A comprehensive study on feature detection algorithms and fine tuning methods for efficient metadata extraction in construction drawing

Type : Master M-BIT

Period: Oct, 2023 - March, 2024

Student : Gupta, P. (Pratyush, Student M-CS)

Date Final project: March 18, 2024

Thesis

Supervisors:

Mr. P. Kwiotek

Abstract:

The thesis aims to investigate the potential of leveraging image processing algorithms to extract metadata from construction drawings, with the aim of enhancing efficiency and effectiveness in the industrial processes.
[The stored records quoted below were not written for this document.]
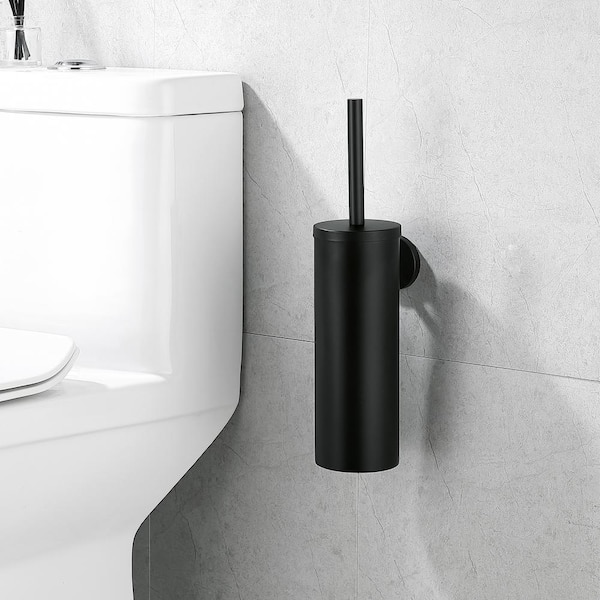 10 in. Wall-Mounted Toilet Brush and Holder Freestanding Toilet brush holder in Matte Black
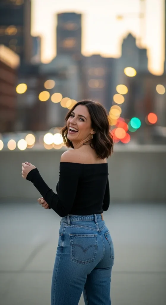 An off-shoulder top adds softness while still feeling wearable. Straight jeans ground the look and keep it relaxed.
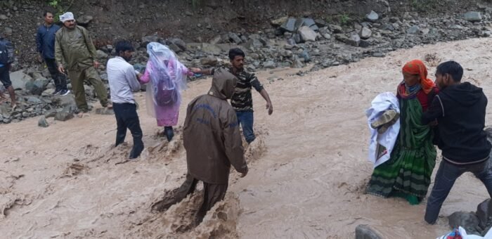 आज जनपद चम्पावत के थाना टनकपुर क्षेत्रान्तर्गत विभिन्न क्षेत्रो से श्री मां पूर्णागिरी दर्शन को आये हुए लगभग 150-200 श्रद्धालु जो आपदा अलर्ट के बावजूद भी चोरी छिपे पैदल-पैदल जंगल के रास्ते से बाटना गाड़ पर पहुंच गए थे। यहां पर पानी का बहाव तेज होने व मलबा और पत्थर गिरने के कारण वे मार्ग में ही फंस गये। जिस पर उनके द्वारा स्थानीय पुलिस को कॉल कर मदद मांगी गयी। सूचना मिलते ही एसआई देवेन्द्र सिंह मनराल चौकी प्रभारी ठुलीगाड़ के नेतृत्व में पुलिस टीम द्वारा तत्काल घटना स्थल पर पहुंच कर स्थानीय लोगों की मदद से रेस्क्यू अभियान चलाकर सभी श्रद्धालुओं को नाले से सुरक्षित पार कराकर वापस उनके निवास स्थान को भेजा गया।
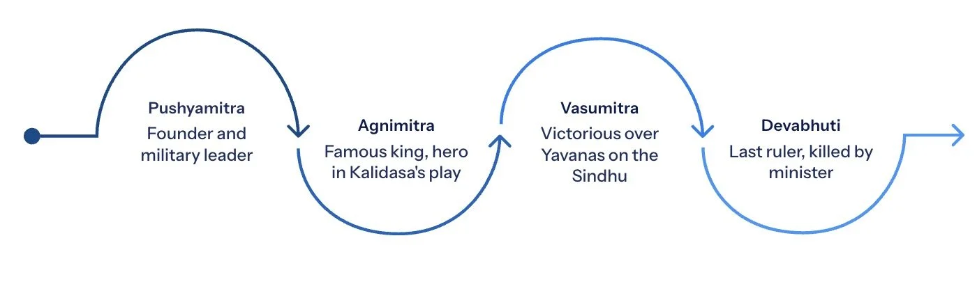 Remember : The Sunga period is notable for three key things — military defence of north India, the religious shift from Buddhism to Brahmanism, and the remarkable Buddhist art at Sanchi and Bharhut. The Heliodorus pillar is a favourite source-based question topic. Always note that the Kanva dynasty lasted only 45 years and is poorly documented outside numismatic evidence.
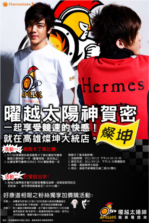 期許打造曜越成為娛樂、電競、科技、生活的文化品牌,近年來致力於品牌的持續經營,並努力投入電子競技的領域,為了迎接暑假最後一個盛事,同時感謝所有玩家的支持,決定將這股太陽魅力延燒到南台灣去囉!9/10日將在高雄燦坤大統店舉辦跑跑卡丁車的現場挑戰賽,不只邀請到太陽神中的跑跑小天王「賀密」親臨現場與粉絲相見歡之外,更有許多專屬好禮要送給挑戰者!除此之外,凡消費者持8/22至9/9日於高雄大統燦坤店消費曜越產品的發票(不限金額);,並加入「曜越太陽神」粉絲團列印本活動DM,就可於9/10活動當天以$249元購買市價$999的Tt eSPORTS 專業電競耳機-隱者喔!
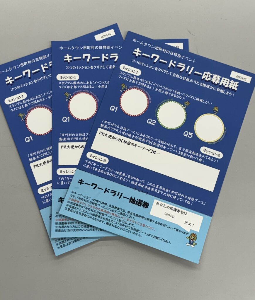※受付の際、キーワードラリー応募用紙を配付します。応募用紙をお持ちでない方は、参加対象外となりますのでご注意ください。
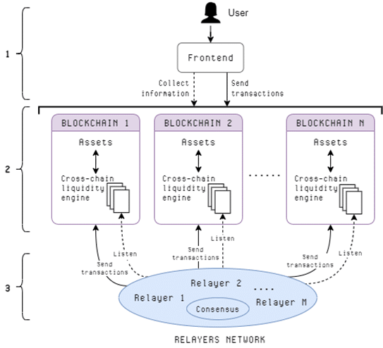 Finalmente, las transacciones pasan a la red de retransmisores, un software específico ejecutado por una organización o individuo en una red P2P descentralizada. Los retransmisores procesan los datos emitidos por el motor de liquidez entre cadenas, llegan a un consenso, y firmán y envían las transacciones a la blockchain correcta.
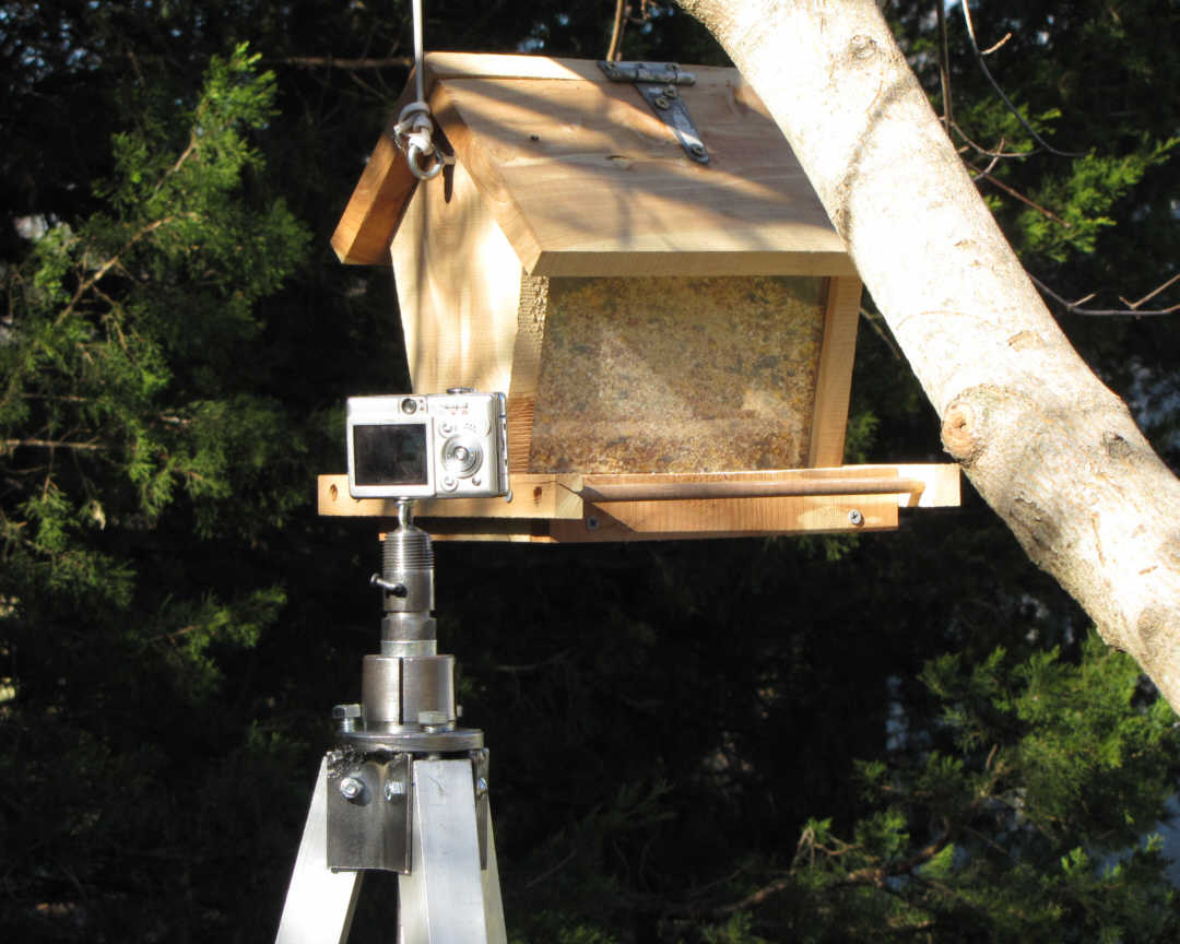 Here is a solution. Put the Canon SD400 on a tripod near the feeder and program it to take a picture every 10 seconds using a CHDK intervalometer. See the CHDK website for details.
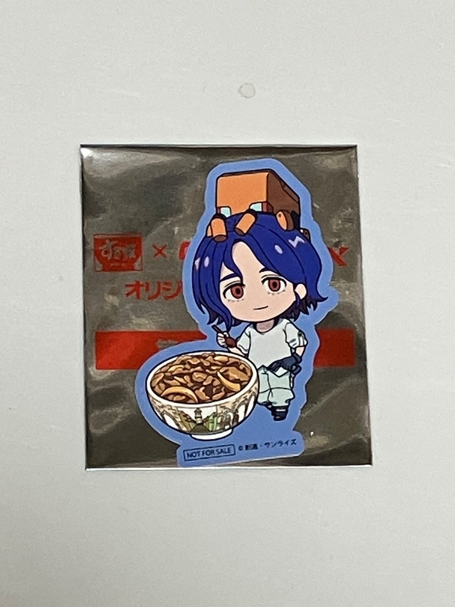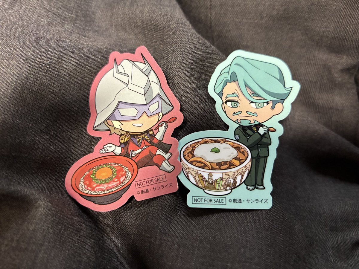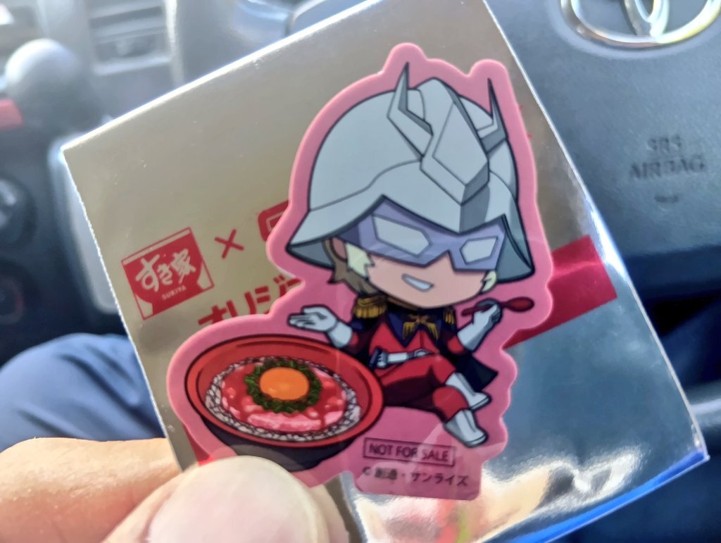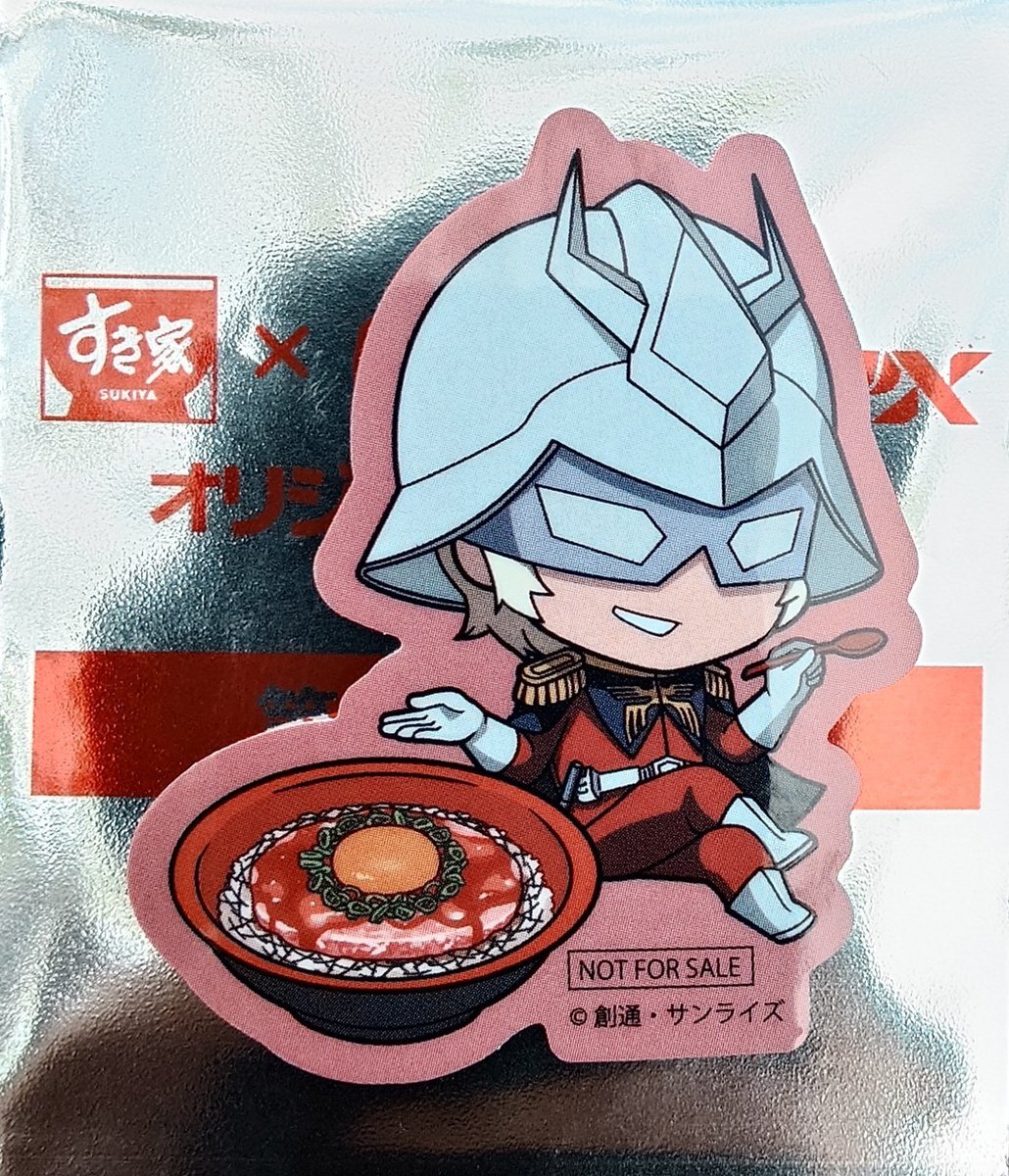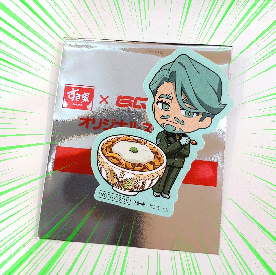 すき家でM.A.Vトッピング食べてきました😋 ステッカーはランダムか。「灰色の幽霊」が欲しいなぁ〜。いや、「木星帰りの男」も捨てがたい。「ヒゲマン」や「緑のおじさん」もアリだな…。 「シャリア・ブル」きたーー!!!! やったーーーー (*ノ・ω・)ノ♫ #このひとときキラキラ pic.x.com/EW5Axa4zs6

The research begins by identifying existing challenges in business process workflows, such as lack of automation. Manual extraction of metadata from construction drawings can be time-consuming and error-prone, leading to inefficiencies in the workflow. Through a meticulous review of relevant literature and exploration of image processing methodologies, the study proposes an approach to automate metadata extraction from construction drawings. Central to the research are three key research questions: the feasibility of automating metadata extraction, the identification of optimal detection techniques, and the development of approaches to fine-tune algorithms for efficient results. By conducting experiments and evaluations, the study determines that certain image processing algorithms, when optimized through multiple fine-tuning techniques, can effectively extract metadata from construction drawings, even in scenarios with limited data availability. The findings of the research have significant implications for industries reliant on construction drawings, offering insights into cost-effective solutions for enhancing workflow efficiency and customer satisfaction. The optimization efforts resulted in significant achievement in macro-F1 and accuracy scores, with CCORR_NORMED achieving average scores of 0.81(macro-F1) and 0.83(Accuracy) for detection experiments conducted. Also, a proposed index, i.e. Detection Effectiveness Index (DEI) resulted in the score of 0.85 in case of CCOEFF_NORMED. These results highlight the potential of image processing algorithms in addressing real-world challenges, the feasibility of achieving meaningful outcomes with limited data. Finally, contributing to the advancement of knowledge and practices at the intersection of image processing, construction drawings, and industrial processes.